The Company and the Board have reviewed the Resignation Letter and concluded that: (i) none of the issues raised in the Resignation Letter were part of the basis for the Board’s request for Mr. O’Connor to resign, (ii) each of the substantive matters raised in the Resignation Letter were previously raised, investigated and considered by the Company’s special independent board committee focused on reviewing the company’s operations and (iii) the general substance of the issues addressed in Mr. O’Connor’s Resignation Letter do not require additional action by the Board at this time. In addition, as a summary matter, Company management disagrees with the claims made by Mr. O’Connor in the Resignation Letter and Mr. O’Connor’s characterizations of certain facts and his general conclusions.

The Company intends to continue to vigorously respond to allegations by Mr. O’Connor that it considers to be false, misleading or inappropriate and is currently considering all of its options, including the possibility of legal action against Mr. O’Connor.

The Company has provided Mr. O’Connor with a copy of the disclosures it is making in response to this Item 5.02 no later than the date of filing of this Form 8-K with the Securities and Exchange Commission. The Company will provide Mr. O’Connor with the opportunity to furnish the Company, as promptly as possible, with a letter addressed to the Company stating whether Mr. O’Connor agrees with the statements made by the Company in response to this Item 5.02 and, if not, stating the respects in which he does not agree. The Company will file any such letter received from Mr. O’Connor with the Securities and Exchange Commission as an exhibit by amendment to this Form 8-K within two business days after receipt by the Company.

 

Item 9.01 Financial Statements and Exhibits.

 

(d) Exhibits

 

Exhibit

No.

  

Description

17.1†    Resignation letter of Paul O’Connor, dated August 31, 2014.

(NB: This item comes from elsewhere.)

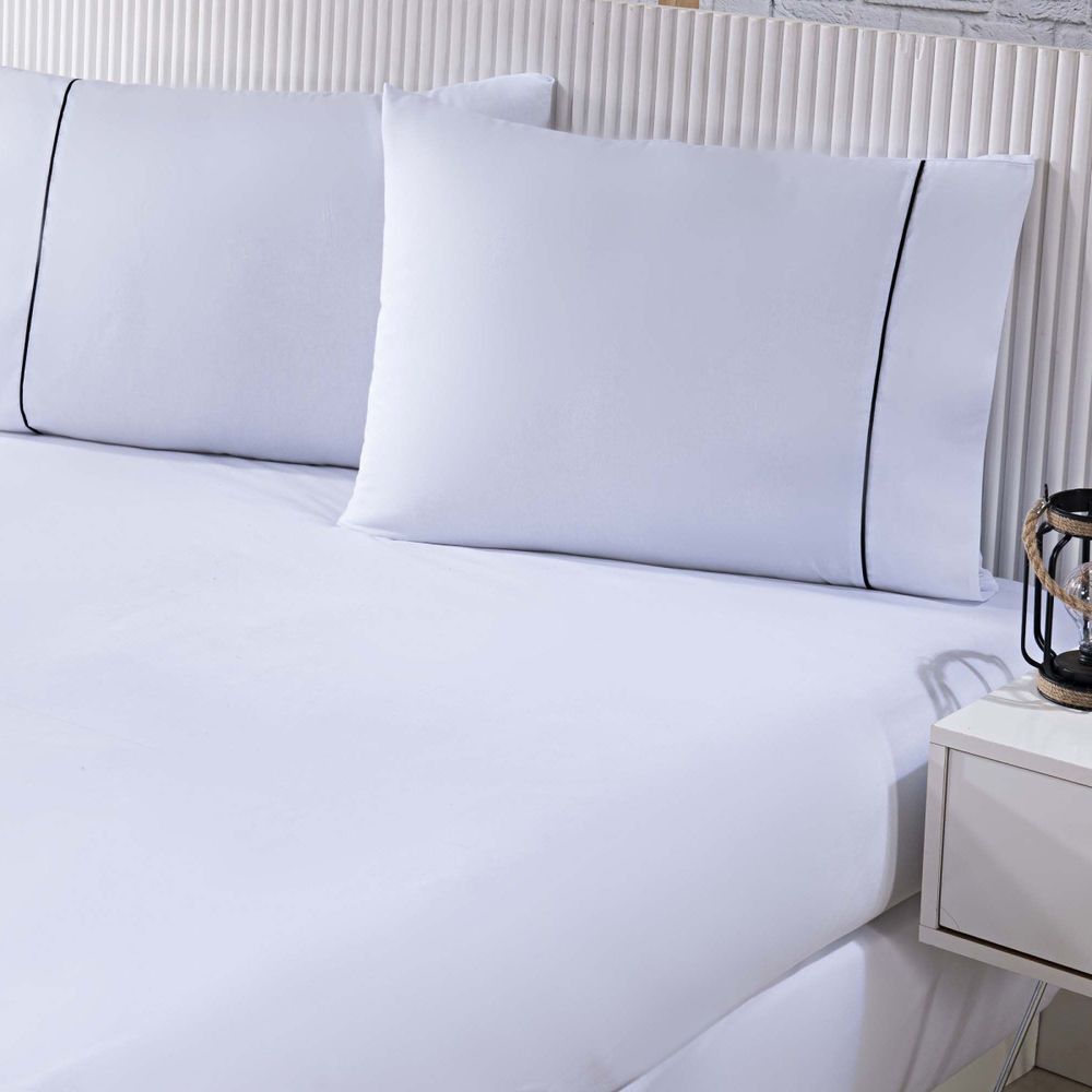 Jogo De Cama Lençol 100% Algodão Percal 150 Fios Casal Gran Moratta 3 Peças - Branco E Cinza
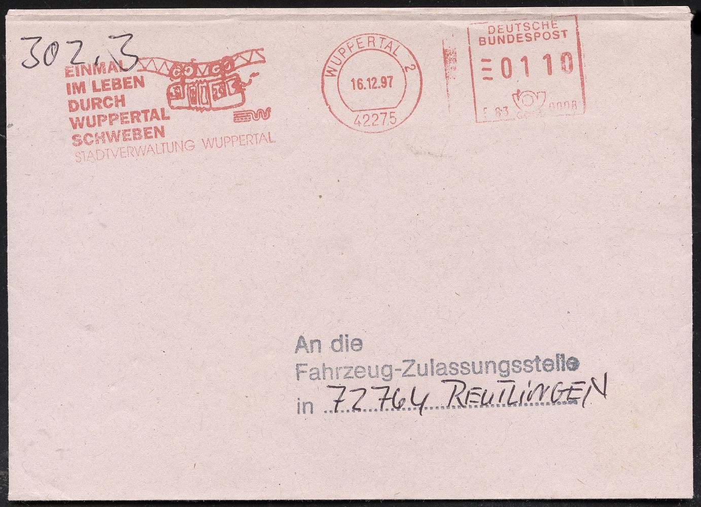 10307 | 5 € | 5600 WUPPERTAL (Absender-Freistempel) : 42275 WUPPERTAL 2/ E 83 0008/ EINMAL/ IM LEBEN/ DURCH/ WUPPERTAL/ SCHWEBEN/ STADTVERWALRUNG.. 1997 (16.12.) AFS Pitney-Bowes mit Kennung (Schwebebahn) Kommunal-Bf. (Dü.E-26E) | ![]() | |

† Confidential treatment requested as to portions of the exhibit. Confidential materials omitted and filed separately with the Securities and Exchange Commission.


SIGNATURE

Pursuant to the requirements of the Securities Exchange Act of 1934, the Registrant has duly caused this report to be signed on its behalf by the undersigned hereunto duly authorized.

 

KiOR, Inc.
By:   /s/ Christopher A. Artzer
  Christopher A. Artzer
  President, Interim Chief Financial Officer, General Counsel and Secretary

Date: September 5, 2014


EXHIBIT INDEX

 

Exhibit

No.

  

Description

17.1†    Resignation letter of Paul O’Connor, dated August 31, 2014.

† Confidential treatment requested as to portions of the exhibit. Confidential materials omitted and filed separately with the Securities and Exchange Commission.